Début 2000, j'ai rejoint Jérôme Lascombe pour
monter le département Public affairs d'Hopscotch, l'agence
de communication corporate qu'il venait de lancer. L'euphorie
Internet appartenant désormais au passé, j'interviens
depuis lors comme chargé de mission pour un cabinet conseil
en stratégie.
PRP : Existe-il un cursus
type pour réussir dans les métiers du lobbying ?
TB : IEP/Droit reste la meilleure formation de base. A
compléter si l'on veut se spécialiser dans les affaires
réglementaires d'un secteur d'activité ou sur un
enjeu de société tel que l'environnement. Par ailleurs,
les débouchés sont variés selon si l'on souhaite
intégrer un cabinet conseil, une entreprise ou une organisation
issue de la société civile.
PRP : Votre métier
connaît-il des évolutions ?
TB : Toute activité de conseil est en évolution
permanente. Prenons le cas d'un lobbyiste qui conseillerait une
entreprise française du secteur des télécoms.
Cela suppose d'être à Bruxelles pour surveiller les
projets de directives du "paquet télécoms II",
d'intervenir auprès de la Commission européenne
et des eurodéputés afin de leur soumettre une série
de propositions juridiques qui aient été préalablement
justifiées par la position de l'OCDE en la matière
et celle du gouvernement français. Une fois adoptées,
ces directives devront être transposées en droit
français faisant l'objet d'un projet de loi portant DDOC
(diverses dispositions d'ordre communautaire). Il conviendra,
dès lors, d'intervenir auprès des parlementaires
pour leur donner la position de l'entreprise concernée
et de suivre la rédaction des décrets d'application.
Ceci pour démontrer que le jeu d'influence suit la décision politique. Aujourd'hui, celle-ci se situe à Bruxelles et à Genève. Paris ne conservant qu'une marge de manœuvre relativement étroite sur des secteurs réglementés où la souveraineté nationale prime encore.
PRP : Quels sont les
grands volets de vos interventions ?
TB : Pour mettre en œuvre une stratégie de
lobbying, il convient d'appliquer la méthodologie suivante
:
- Etude contextuelle visant à identifier les menaces et
opportunités pour l'entreprise ;
- Identification des interlocuteurs politiques et des relais d'opinion
;
- Elaboration de l'argumentaire et intervention auprès
des interlocuteurs ad hoc
Suivi des positions et mis en place des outils tactiques permettant
d'appuyer la stratégie d'influence (relations presse, colloques,
constitution et animation d'associations ad hoc ; etc).
PRP : A quelle éthique
répond votre métier ?
TB : J'applique en tout point la Charte relative à
l'exercice de la profession de conseil en lobbying que vous pouvez
lire sur le site de l'association.
PRP : Un attaché
de presse peut-il évoluer vers cette activité ?
TB : S'il dispose d'un relationnel-réseau efficace
dans les milieux concernés, il peut envisager d'évoluer
vers un poste d'attaché parlementaire d'un grand groupe.

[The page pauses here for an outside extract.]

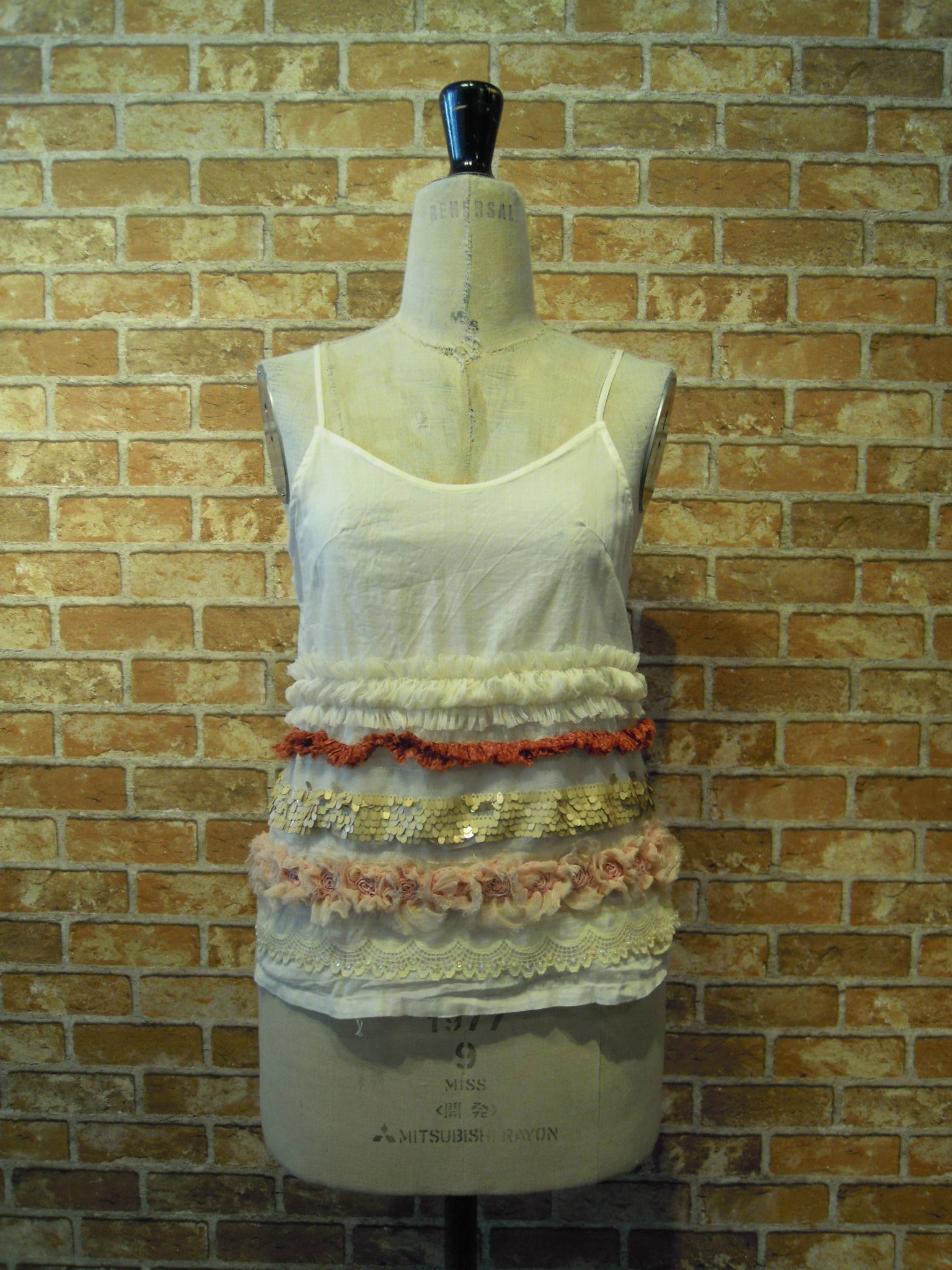 キャミ♪早くもっと暖かくなってかるい洋服でお出掛けしたいですねTシャツの上にサラッと重ねて可愛くできちゃうキャミの紹介です段々に可愛いモチーフが付いています普通じゃ終わらせないのがREHERSALLひとつひとつ可愛いテクニックを入れております細かいところまで要チェックです気になる商品がある方はこちらをクリックしてください。通販希望の方はChaos BohemiaHPから

PRP : Comment est organisé
le marché français ?
TB : Selon si l'on intervient en amont ou en aval d'une
stratégie de lobbying, on trouve des généralistes,
en l'occurrence les cabinets conseil en lobbying et les agences
de communication corporate, et des spécialistes tels que
les cabinets d'intelligence économique, les cabinets d'avocats
d'affaires et les cabinets conseil en stratégie. Sans oublier
les lobbyistes intégrés au sein des entreprises
et des organisations professionnelles.
PRP : Aujourd'hui, on
constate que de grandes entreprises mettent en place des campagnes
de communication qui impliquent l'opinion publique ? Comment se
positionne le lobbyiste face à cela ?
TB : Dès lors qu'il y a concertation préalable
sur l'évaluation du risque d'opinion entre le directeur
de la communication et le conseil, les dirigeants peuvent prendre
leur décision en toute connaissance de cause.
Au demeurant, la tendance actuelle est la recherche de consensus
entre l'entreprise et les parties prenantes dont l'opinion publique.
Géré de manière subtile, ce qui résulte
d'un consensus peut s'avérer être un outil de communication
pertinent et un outil d'influence efficace.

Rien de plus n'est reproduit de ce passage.